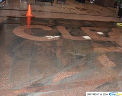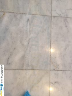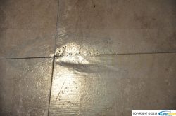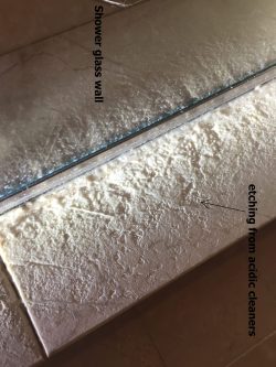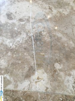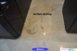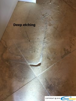 Etching as it relates to Marble, Travertine and Limestone, is when an acid reacts with the calcium carbonate, their primary composition, and literally eats or dissolves the surface. If you spill anything acidic on your natural stone floor, liquid or solid, you run a risk of etching your polished surface. What this is in laymen’s terms is the dissolving of the surface of the stone. This will not only remove the polished shine you once had, however it will also leave the area rough, causing soils to get trapped in the now rough etch and thus outlining it like you see here. The solution depending on how severe, or how deep the etch goes, is diamond hone and re polish to match the surrounding finish. Often if you spill something acid on your Marble, travertine or Limestone, you will readily notice and dark areas. The area will actually be lighter in color with a loss of any shine. As time goes on the rougher texture of the etch attracts soil and the etch will become pronounced. Never use acid based cleaners on natural stone floors, including vinegar(aced-acid).
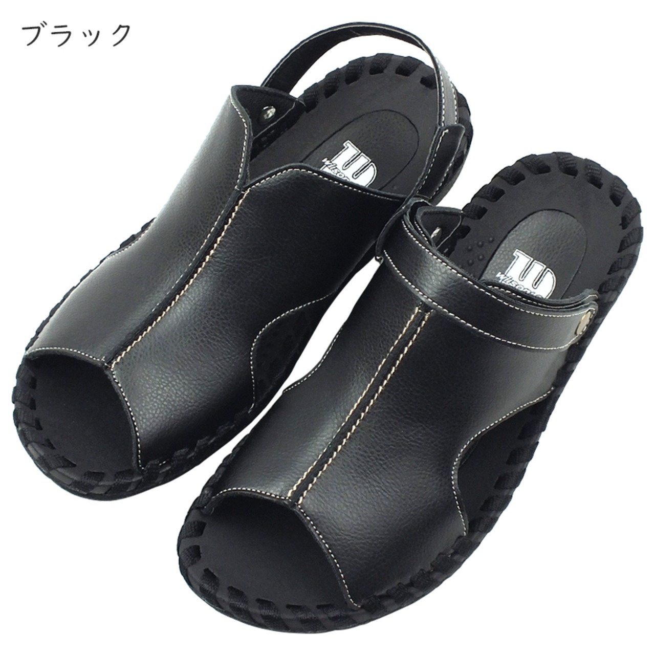 移動式の甲ストラップは前にずらせば多重ベルトの楽ちんミュール、後ろに移動させればバックストラップとしても使える2way仕様。
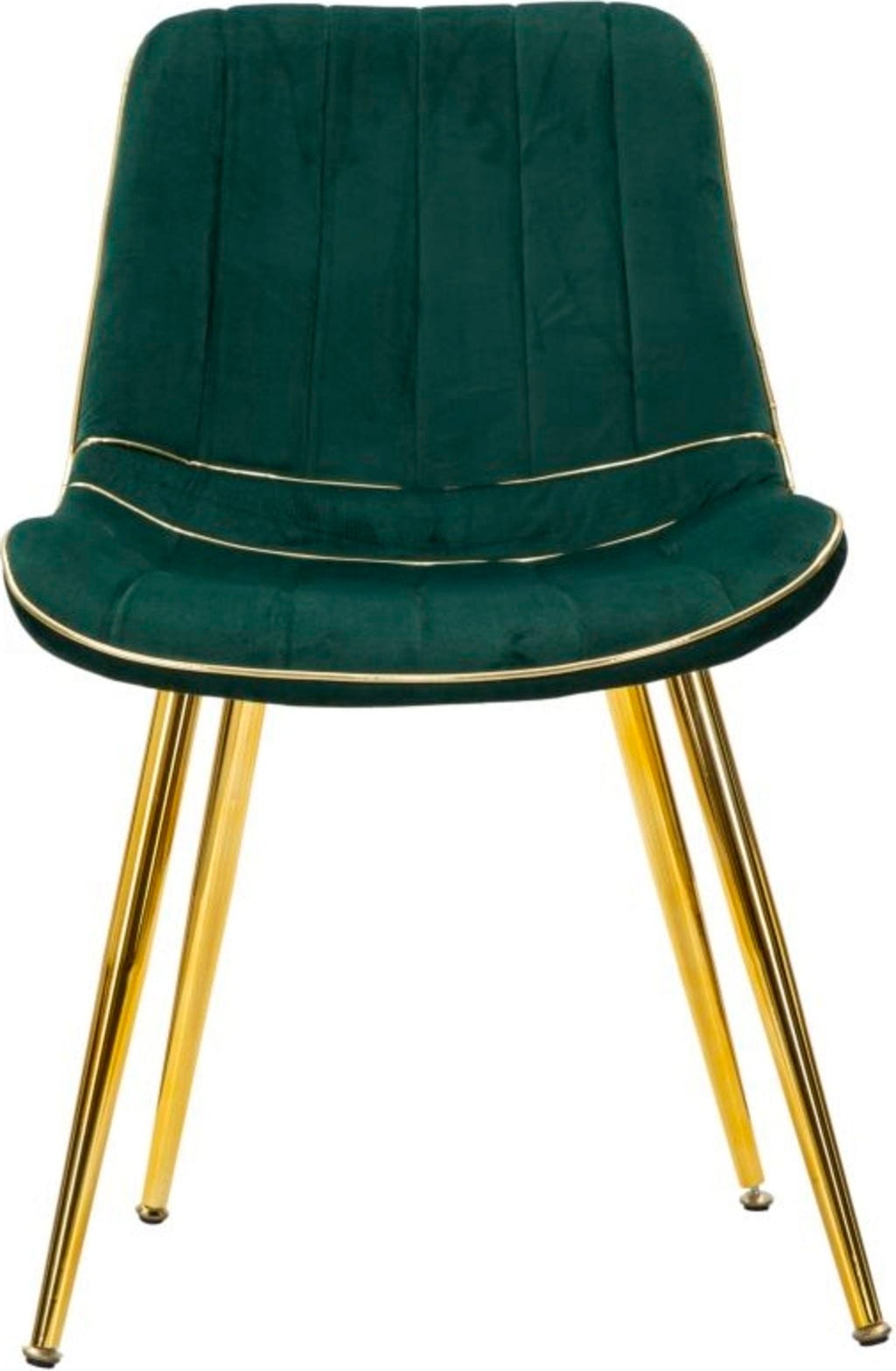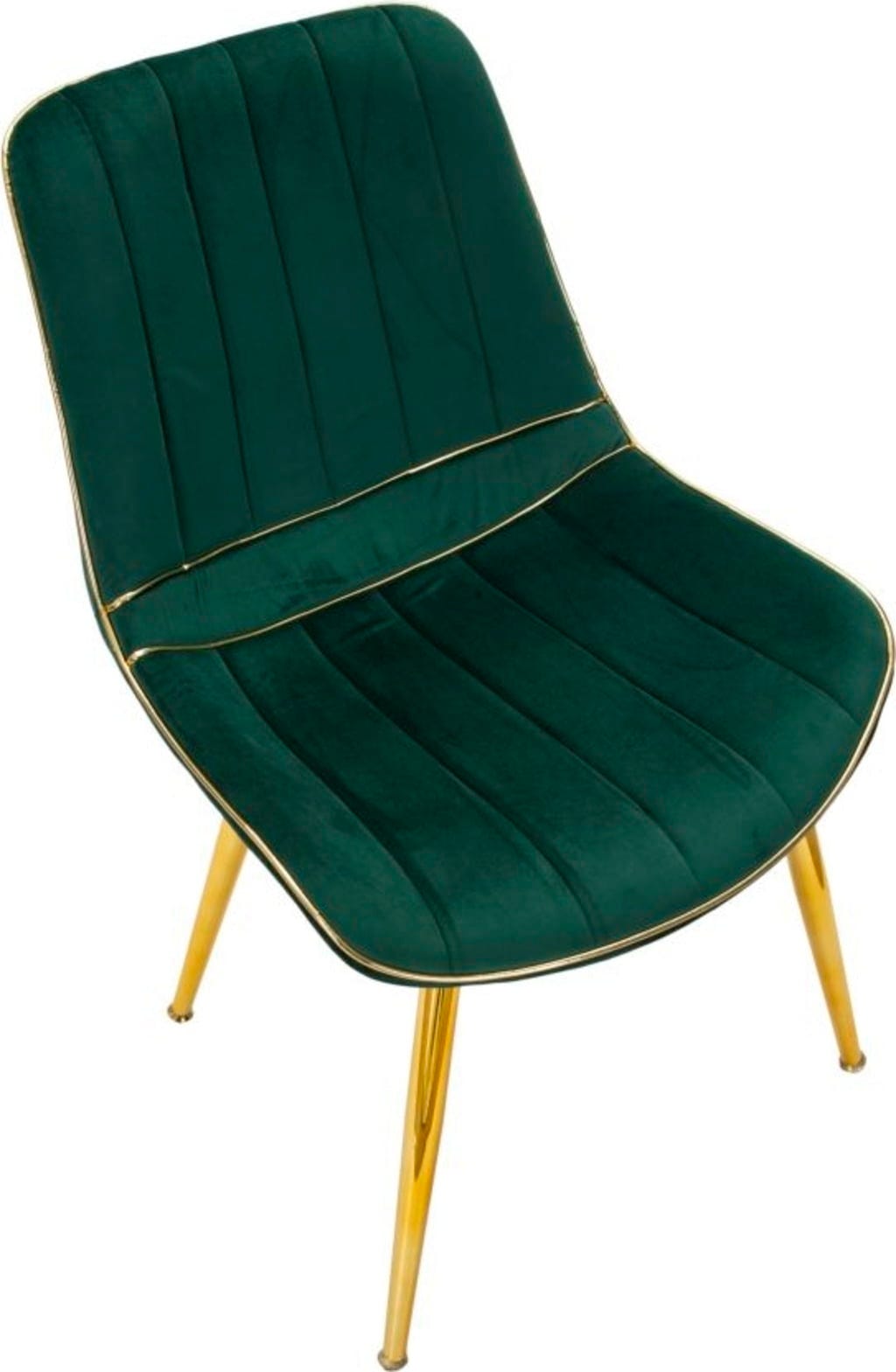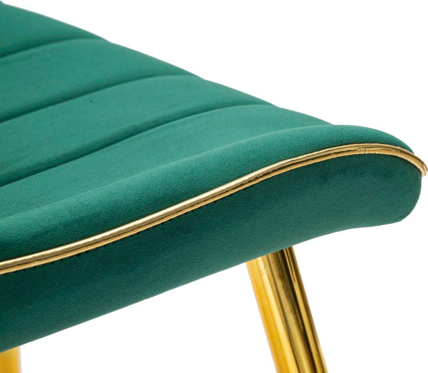 Szczególną uwagę przyciągają złote akcenty wokół siedziska, które idealnie współgrają ze smukłymi, metalowymi nogami w kolorze złotym. Czy to na uroczyste kolacje, czy na relaksujące wieczory – połączenie głębokiej zieleni i lśniącego złota zapewnia atmosferę pełną szyku i odprężenia.
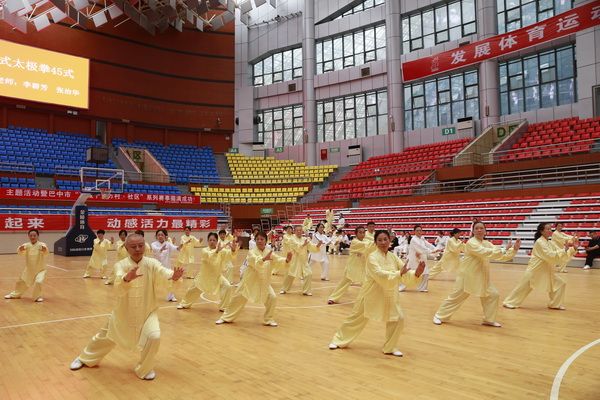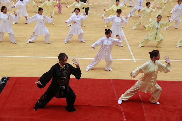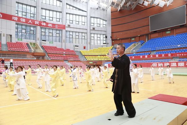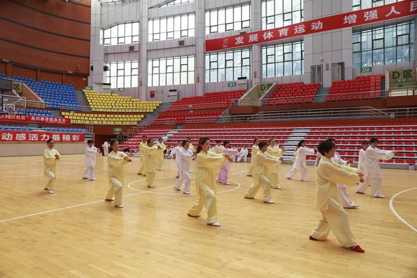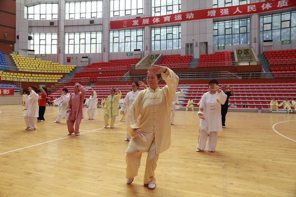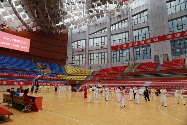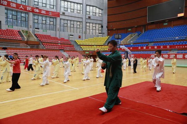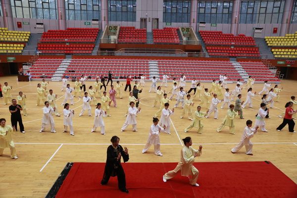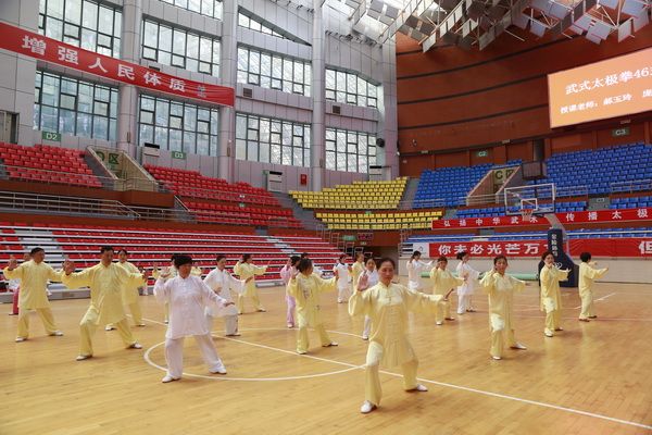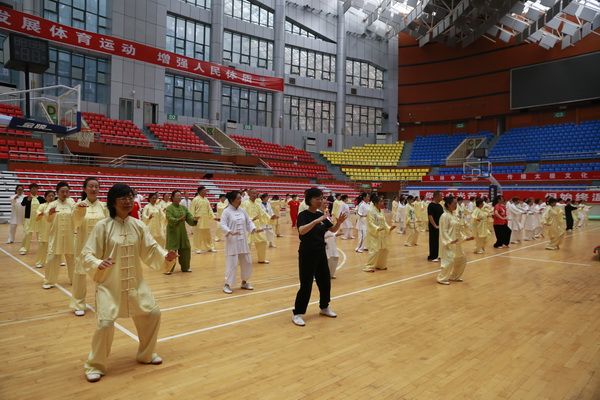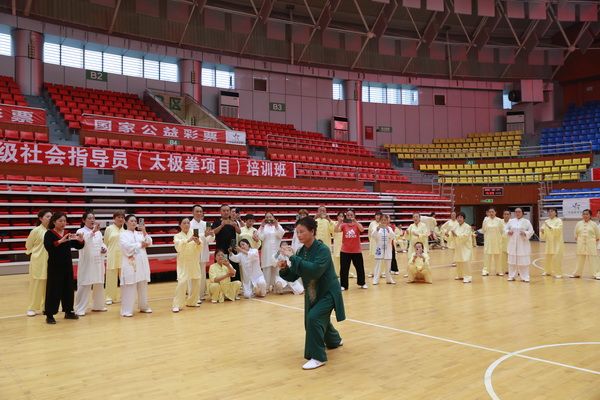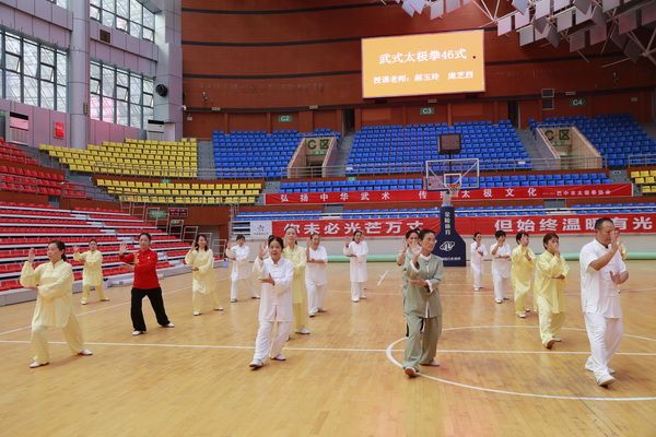 9月28日中国武术六段、武术套路国家一级裁判、四川省一级社会体育指导员、四川省传统武术套路教练、副会长(兼秘书长)郝玉玲及中国武术六段庞芝烈老师在市体育馆对《武式太极拳46式》竞赛套路进行了八个学时的分解教学,培训结束后进行了分组考试。

####

Begin with the line containing "Szczególną uwagę przyciągają" and end with the last line of the material above; return exactly those lines, both ends included, and omit all pictures.

Response area
 Szczególną uwagę przyciągają złote akcenty wokół siedziska, które idealnie współgrają ze smukłymi, metalowymi nogami w kolorze złotym. Czy to na uroczyste kolacje, czy na relaksujące wieczory – połączenie głębokiej zieleni i lśniącego złota zapewnia atmosferę pełną szyku i odprężenia.
 9月28日中国武术六段、武术套路国家一级裁判、四川省一级社会体育指导员、四川省传统武术套路教练、副会长(兼秘书长)郝玉玲及中国武术六段庞芝烈老师在市体育馆对《武式太极拳46式》竞赛套路进行了八个学时的分解教学,培训结束后进行了分组考试。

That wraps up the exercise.